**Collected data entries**
== Segment start ==

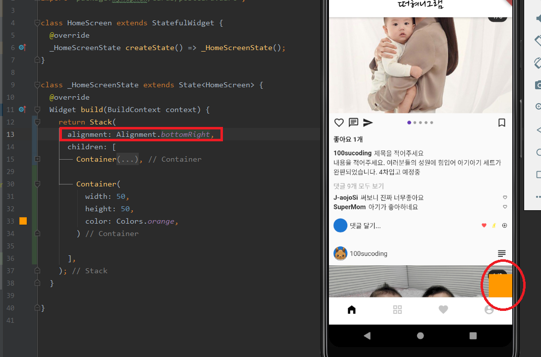 alignment 라는 옵션을 bottomRight 로 하니 정말 오른쪽 하단으로 가게 되었네요.
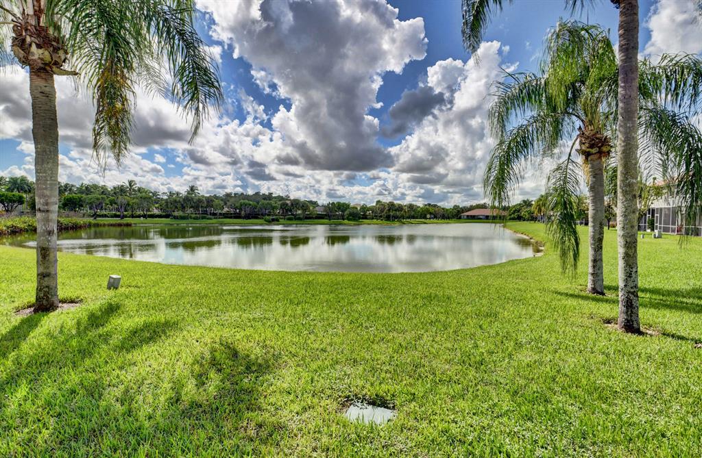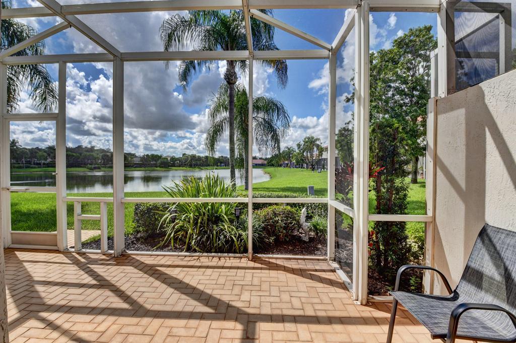 Beautiful lake views from this fabulous townhouse in Mizner Pointe. Tiled throughout the first floor with pass through in kitchen to dining area, screened in patio to enjoy the beautiful sunsets.Kitchen has stainless appliances, crown molding, custom blinds and mounted TV and recessed lighting. Double door entry into Large master suite with custom closets and sitting area. Master bath has separate tub and shower and double sinks. Speakers throughout the home.Upgraded landscaping, Accordion shutters and Decorative double driveway. Mizner pointe has recently renovated club house, tennis, play area, fitness center, resort size pool, billiards, and man gated. lawn service , basic cable and alarm included in HOA fee along with painting outside.
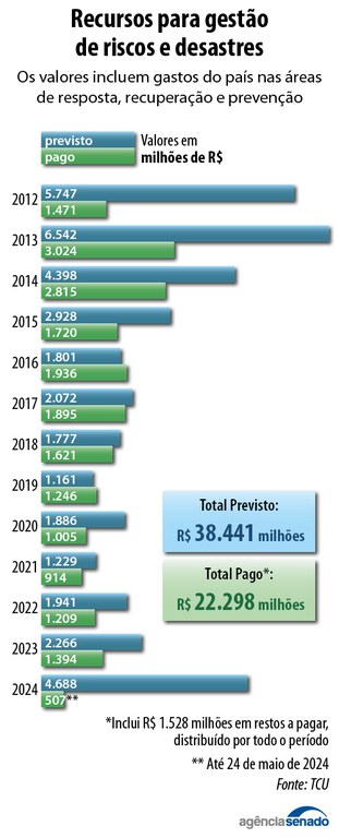 No total de 13 anos (2012-2024), foram previstos R$ 38,44 bilhões e pagos R$ 22,29 bilhões, incluindo R$ 1,52 bilhão de restos a pagar — despesas empenhadas mas não pagas até o dia 31 de dezembro de cada ano — distribuídos por todo o período. Os valores pagos em 2024 alcançam apenas os meses completos de janeiro a abril e o mês de maio até o dia 24.
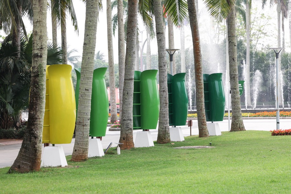 这是3月26日拍摄的博鳌近零碳示范区内的花朵风机。花朵风机用来收集风能,是岛内可再生能源利用项目之一。新华社记者 张丽芸 摄
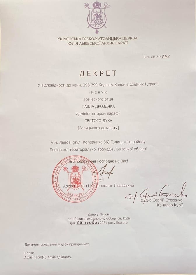 Церква Святого Духа, що на вул. Коперніка, 36, відтепер матиме свого керівника. Сьогодні, 13 липня, декретом Митрополита Львівського Ігоря, адміністратором парафії призначили отця Павла Дроздяка. Про це Тvoemisto.tv розповів капелан Львівської міської ради, сотрудник Собору Святого Юра, а тепер ще й адміністратор Святодухівської церкви отець Павло Дроздяк.
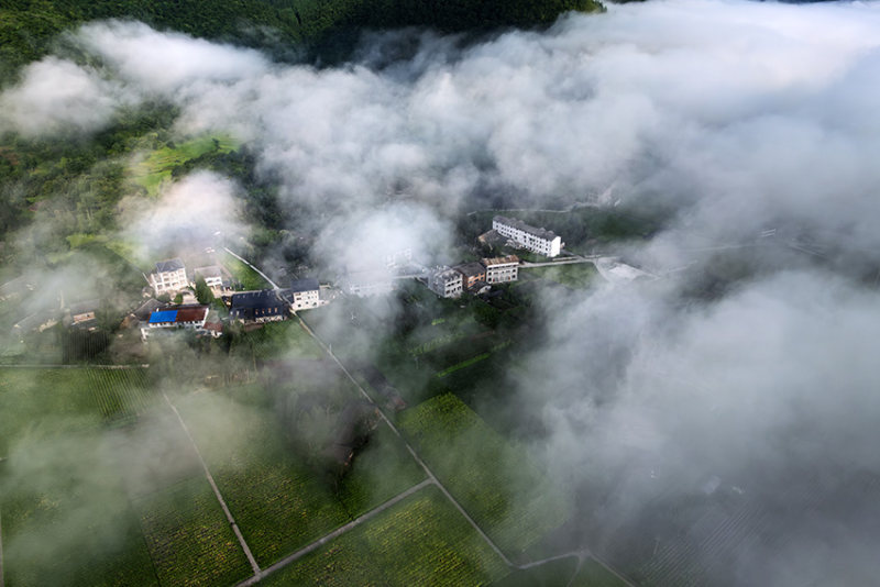 《云栖山居》。2025年7月30日,重庆市丰都县太坪坝,薄雾漫过青瓦绿田,远山层叠如墨。村落安睡其间,绘成一方遗世水墨。
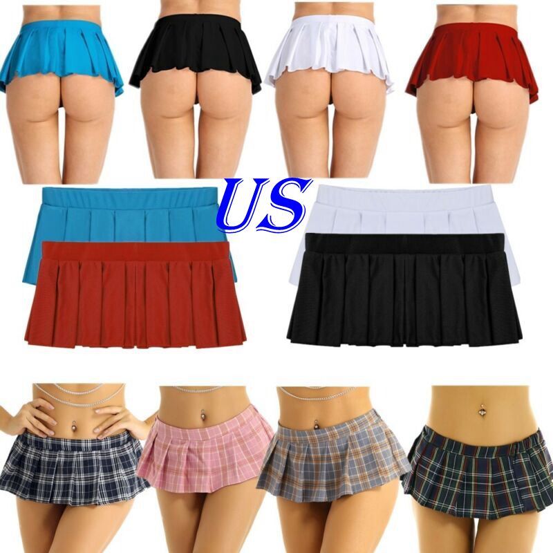 Women ladies Japanese schoolgirl cosplay mini plaid pleated skirt, simple but eye-catching piece.
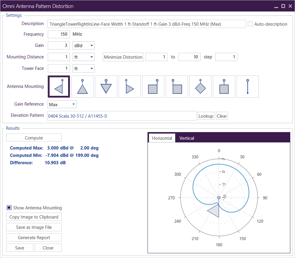 The Pattern Distortion module will model the horizontal plane pattern distortion of a side mounted, vertically-polarized, omni-directional antenna when mounted on a metal tower structure. It uses the mounting orientation and distance from the tower, as well as the size and type of tower, frequency and nominal gain. This modeled pattern can then be plotted and saved to the antenna pattern library and used later to improve accuracy when calculating area coverage. A Tutorial Video is available.

== Segment end ==

**WORK REQUIRED**
Output the entries above exactly as given, but strip out the pictures.

**EXERCISE RESPONSE**
 alignment 라는 옵션을 bottomRight 로 하니 정말 오른쪽 하단으로 가게 되었네요.
 Beautiful lake views from this fabulous townhouse in Mizner Pointe. Tiled throughout the first floor with pass through in kitchen to dining area, screened in patio to enjoy the beautiful sunsets.Kitchen has stainless appliances, crown molding, custom blinds and mounted TV and recessed lighting. Double door entry into Large master suite with custom closets and sitting area. Master bath has separate tub and shower and double sinks. Speakers throughout the home.Upgraded landscaping, Accordion shutters and Decorative double driveway. Mizner pointe has recently renovated club house, tennis, play area, fitness center, resort size pool, billiards, and man gated. lawn service , basic cable and alarm included in HOA fee along with painting outside.
 No total de 13 anos (2012-2024), foram previstos R$ 38,44 bilhões e pagos R$ 22,29 bilhões, incluindo R$ 1,52 bilhão de restos a pagar — despesas empenhadas mas não pagas até o dia 31 de dezembro de cada ano — distribuídos por todo o período. Os valores pagos em 2024 alcançam apenas os meses completos de janeiro a abril e o mês de maio até o dia 24.
 这是3月26日拍摄的博鳌近零碳示范区内的花朵风机。花朵风机用来收集风能,是岛内可再生能源利用项目之一。新华社记者 张丽芸 摄
 Церква Святого Духа, що на вул. Коперніка, 36, відтепер матиме свого керівника. Сьогодні, 13 липня, декретом Митрополита Львівського Ігоря, адміністратором парафії призначили отця Павла Дроздяка. Про це Тvoemisto.tv розповів капелан Львівської міської ради, сотрудник Собору Святого Юра, а тепер ще й адміністратор Святодухівської церкви отець Павло Дроздяк.
 《云栖山居》。2025年7月30日,重庆市丰都县太坪坝,薄雾漫过青瓦绿田,远山层叠如墨。村落安睡其间,绘成一方遗世水墨。
 Women ladies Japanese schoolgirl cosplay mini plaid pleated skirt, simple but eye-catching piece.
 The Pattern Distortion module will model the horizontal plane pattern distortion of a side mounted, vertically-polarized, omni-directional antenna when mounted on a metal tower structure. It uses the mounting orientation and distance from the tower, as well as the size and type of tower, frequency and nominal gain. This modeled pattern can then be plotted and saved to the antenna pattern library and used later to improve accuracy when calculating area coverage. A Tutorial Video is available.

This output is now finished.